Nella realtà delle imprese esiste una grande varietà di processi produttivi le cui caratteristiche, come accennato in precedenza, sfumano l’una nell’altra passando lungo il continuum che va dall’estremo del processo su progetto all’altro estremo del processo continuo, allora è utile a questo punto operare un’analisi ed un confronto dei processi produttivi al fine di ottenere un quadro di riferimento per ciascuna tipologia di processo in cui inquadrare le scelte sia di progettazione che di gestione concernenti l’area produttiva e i suoi possibili contributi al vantaggio competitivo nei confronti del mercato cui si accennato all’inizio di questa trattazione.

Riassumiamo dunque i principali aspetti emersi dalle classificazioni Woodward e sistemica concernenti:

a) Il prodotto ottenuto; decresce l’interazione cliente/produttore nella definizione del prodotto nel senso che si passa da un prodotto speciale ad un prodotto standard definito dal produttore. Diminuisce l’ampiezza della gamma di prodotti e/o le varianti. I volumi per ciascun prodotto aumentano sino alla produzione di massa, del tutto ripetitiva. La capacità di introdurre nuovi modelli decresce fino a diventare difficile e molto costosa. Si passa da una produzione su commessa ad una produzione per magazzino su previsioni di domanda.

b) La struttura organizzativa; il ciclo di lavorazione, la programmazione della produzione ed il sistema informativo passano da molto semplici, instabili e transitori a stabili, predefiniti e complessi. La professionalità della manodopera e l’ampiezza delle

mansioni si restringono da una specializzazione per mestiere a quella di fase o addirittura di operazione. Contestualmente cresce la ripetitività, la componente sistematica e la standardizzazione del lavoro e diminuiscono sia il contenuto di lavoro per unità prodotta che la dipendenza del rendimento del lavoro dalle capacità e volontà dell’operatore.

c) La struttura impiantistica; è l’insieme delle caratteristiche più importanti e che maggiormente diversificano i processi sia sotto il profilo tecnico, che quello economico. Il grado di specializzazione dell’hardware, l’intensità di capitale, le dimensioni delle unità produttive, le economie di scala tecniche aumentano sino a diventare molto rilevanti. La struttura impiantistica passa da transitoria a stabile e rigida per lunghi periodi di tempo. La lunghezza e la complessità del ciclo di lavorazione aumentano, mentre si abbreviano i tempi necessari al prodotto per attraversare il sistema. Il numero ed i costi degli attrezzagli (set-up) diminuiscono fino ad annullarsi. Si rovescia il rapporto uomo-machina: rendimenti tecnici e ritmi di produzione dipendono sempre meno dall’operatore, sino a dipendere quasi esclusivamente dai ritmi delle macchine o da quelli imposti dai programmi nella produzione continua.

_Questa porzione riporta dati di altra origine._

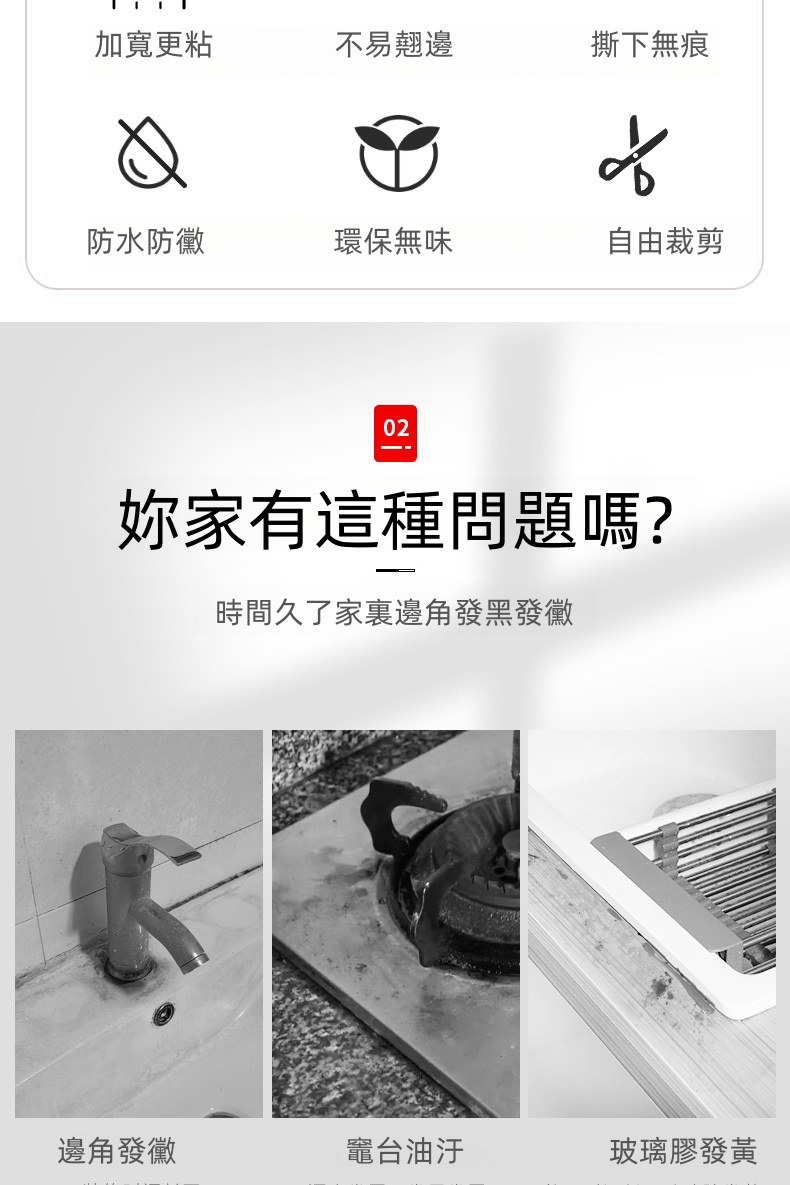 4分鐘前限時搶購 美縫貼防水防霉廚房水槽洗碗灶台封邊擋水條,衛生間馬桶邊緣縫隙貼 - 【嘗鮮價】3入組-NT$980

d) I materiali impiegati; nel passare dai processi del tipo su progetto a quelli continui aumentano l’importanza del rapporto con il fornitore, le opportunità tecniche ed economiche di integrazione verticale o collaterale, l’importanza degli aspetti tecnici (qualità, affidabilità, rapidità di consegna, continuità) delle forniture. Al contrario diminuisce l’entità dei semilavorati.

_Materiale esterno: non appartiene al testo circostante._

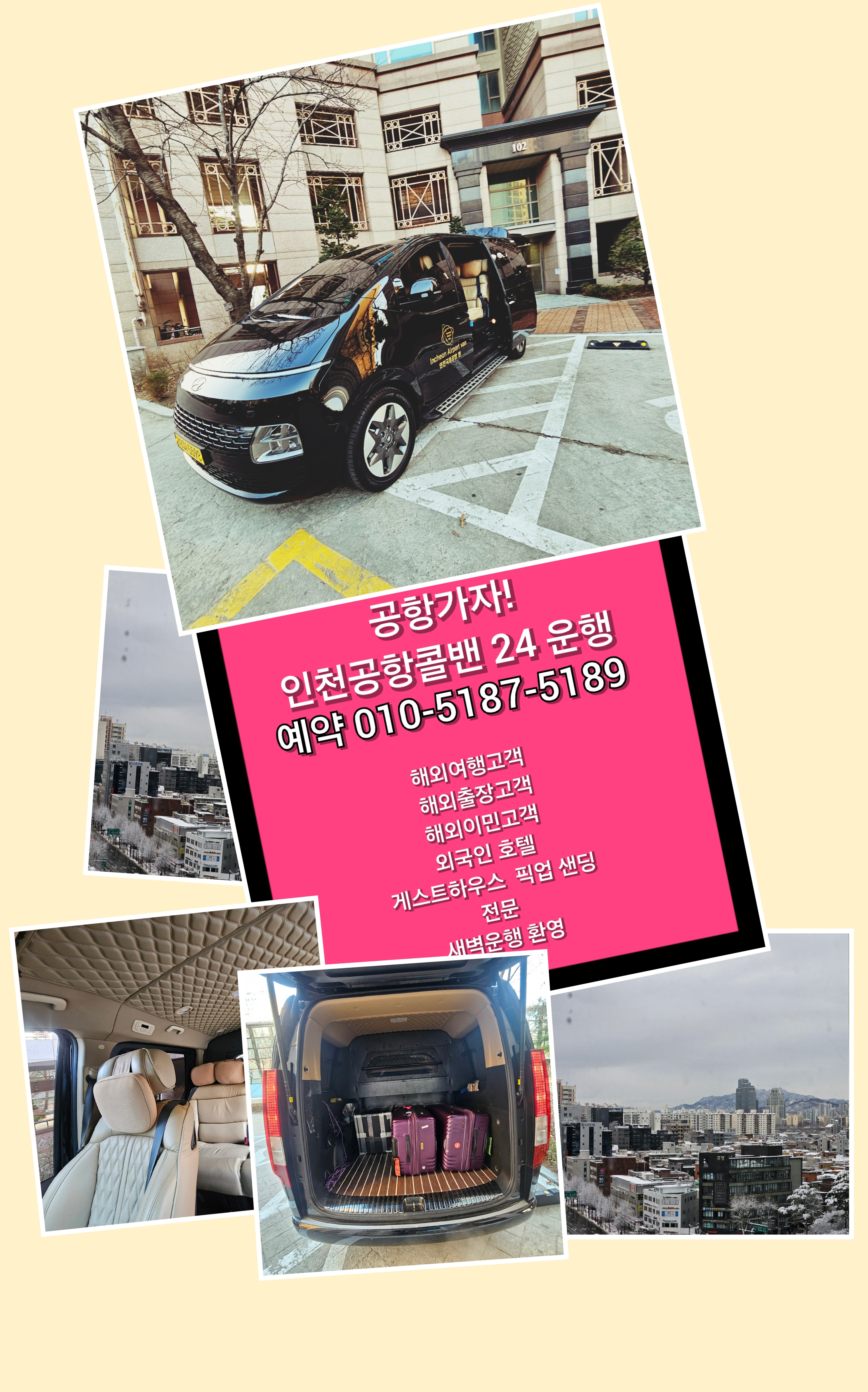 콜밴가격 요금 비용을 문의시 010-5187-5189로 문의 주시면 언제든 상담 가능 합니다. 인천공항콜밴의 편리함점 스타리아,스타렉스,렉스텬스포츠 콜밴으로 이민가방 큰 것 7개정도의 짐과 함께 5분의 고객님이 탑승가능 목적지까지 안전하고 편안하게 이동 해드립니다.콜밴은 미리 예약 하기거나 1시간전에 예약주시면 이용할 가능 합니다.미리 출발 예약할때 문자나 카톡 주시면 시간 약속 10분전에 원하시는 대기 합니다. ★인천공항콜밴의 업무★의료관공 성형외과 호텔 게스트하우스★ 내국인 외국인 공항 픽업 센딩.★외국인픽업 ★외국인 피켓 픽업 ★외국인 센딩★외국인 호텔 픽업 &샌딩 ★인천공항 예약 ★인천공항 서비스 ★콜밴은 고시원이사 지방장거리전문 소형이사 친절 기사님이 24시 대기 합니다.★가족들 지인들 회사 모임 골프장 지방장거리 등 짐이 많은 경우 이동 예약 됩니다.★모든차량은 인원에따라 가격 및 요금 예약 문이 하세요.★고속터미널에서 택시타기 힘든 짐량을 이동 집,회사,원하시는 목적지까지 이동 가능 합니다.★짐을 들고 호텔이나 관광지 ktx 이동시 가능 합니다.★케리어 등 당일 이동 택배 가능 합니다. ★고객님 혹은 지인 가족의병원 입/퇴원시 짐이 많을 때 이용 예약 가능 합니다 ★고객님과 함께 애완 동물 장거리 이동시 이용 가격문의 예약 가능 합니다. ★인천공항콜밴(pick-up) &인천공항콜밴요금(sending) 서비스★ 인천공항콜밴가격 picket pick-up &sending 서비스 ★ 인천공항콜밴 예약 ★ 인천공항콜밴 문의 ★ 인천공항콜밴 24시 상담★ 인천공항콜밴 외국인 픽업 샌딩 ★ 인천공항콜밴 지방장거리운행 서비스 타타 경기도콜밴》 인천공항콜밴은 항상 고객을 정성껏 목적지까지 모시는 인천공항까지 이용 베테량 30년무사고 친절한기사님이 최고의 서비스로 모십니다. 콜밴 이용 안내 .미리 예약필수 혹시 예약 사전에 안하셨다면 적어도 1시간전에 예약 전화주시면 부담없이 이용 가능 합니다.. .용달트럭으로 이동하기는 많지안은짐 가구없이 소량으로 원룸이사,고시원이사를 원하시면 미리예약 하시면 콜밴 편리하고 안전하게 이용하세요. .콜밴요금은 고객님과 미리 가격을 상담 협의금액으로 (예약시 정해진 금액) 운행합니다. .콜밴가격은 기본 4만원(5Km)에 (대기시간요금)1시간 * 3만원 운행거리에 표시된 요금표되로 장거리운행시 합의측정된 금액으로 이용 가능 합니다 (통행료별도,대가시간등 감안) 추가분금액은 별도로 지불 책정 합니다. .365일 24시 연중무휴,휴일에도 인천공항콜밴은 평일과 동일 상시 예약 운행 합니다. .야간 21시부터 익일04시이용시 1~2만원 추가 됩니다. .인천공항픽켓픽업서비스 이용시:10,000원추가(피켓,주차비등감안) 가격 추가 합니다 .당일왕복요금은 대기시간이 1시간이내일경우 편도와 동일 금액입니다. .30분후 대기료는 시간당 3만원입니다.

e) L’adattabilità rispetto ai mutamenti della tecnologia e della domanda; il grado di adattabilità decresce, fino quasi ad annullarsi nel processo continuo. Ciò va inteso nel senso che, definite le strutture organizzative ed impiantistiche in sede di progettazione dl sistema, ne risulta via via più difficile e costoso l’adattamento passando dai processi job shop a quelli continui.